# 110 OCLV vs 120 OCLV



## martym (Feb 23, 2004)

How does the ride of the 5900 (OCLV 110) compare with the 5500 and 5200 (OCLV 120)? Is there a noticeable difference? Is the the 5900 noticably stiffer?


----------



## Folsom Cyclist (Feb 22, 2004)

*5900 very stiff*

compared to the 5200 I rode. If your thinking about buying one ride it for at least 15 miles or so. It is very jarring but that's the price you pay for getting the power to the ground....


----------



## Paco (Mar 3, 2004)

Weight and that's it. OCLV 110/120 refers to the amount of weight per sq meter (110 grams vs 120 grams). So basically you same 10 grams per sq meter. Since the only difference between the 52 & 55 is components. The 52, 55 & 59 all have the same frame dimensions, angles, etc. So it's just about weight.

If you were to paint the 52/55 and 59 the same and build them the same then I put money down that you wouldn't be able to tell the difference. When you test ride a 52, 55 or 59 what your feeling the difference is due mostly to the components and their weight/stiffness differences.

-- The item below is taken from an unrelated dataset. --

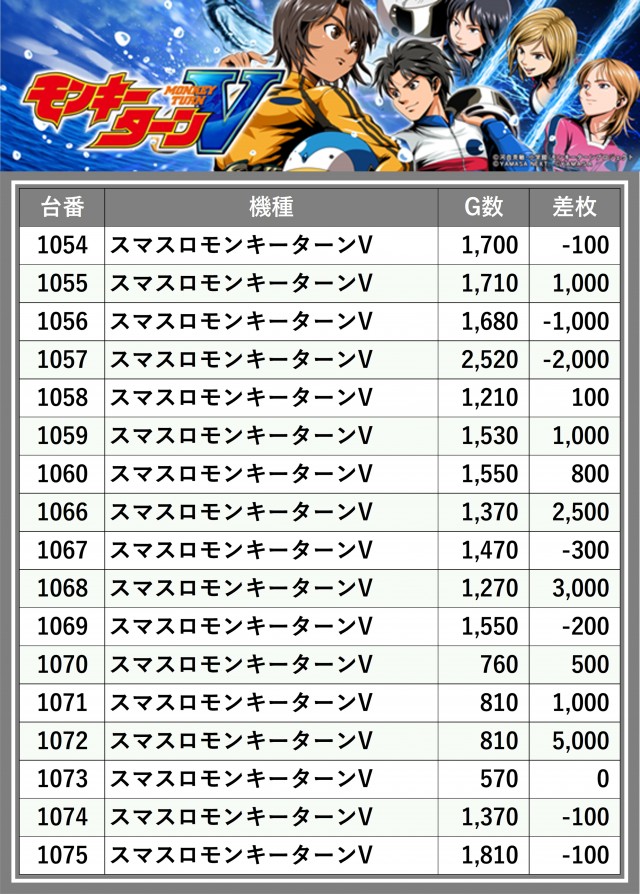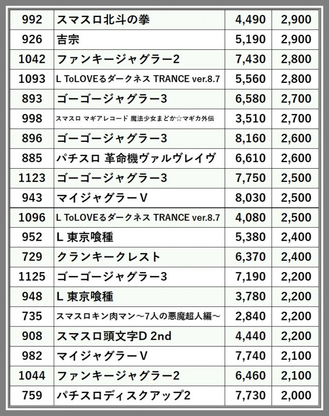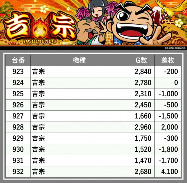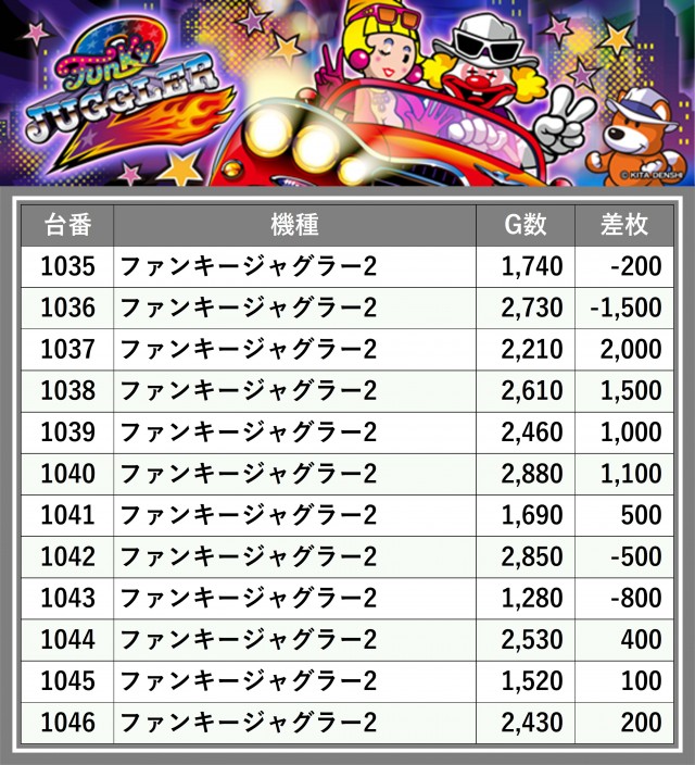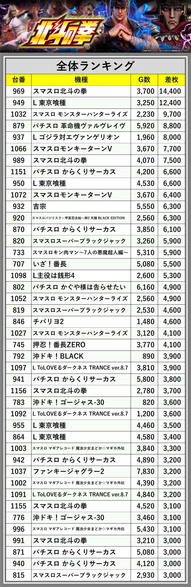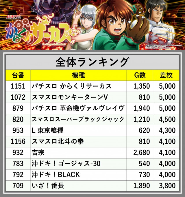 厳選された取材対象機種をはじめ、その他スロット全体から好記録が飛び出した!プレイヤーが楽しんだ1日を下記データにて振り返ってみて欲しい。

Now if you really want to discuss differences in ride quality then look at the Madone. That uses 110 OCLV and since the design is different you'll notice more in ride quality there.

Also remember that carbon isn't the same with all manufacturers, for example Giants ride a lot different than Trek. This is due in part to the different carbon used and also different design, angles, tub lengths, etc.

Plus one great thing about Treks compared to other manufacturers is that you can repair a Trek frame and for a resonable price. All the others are made in one mold so if you crash or it cracks you're out one frame.

Hope this helps.


----------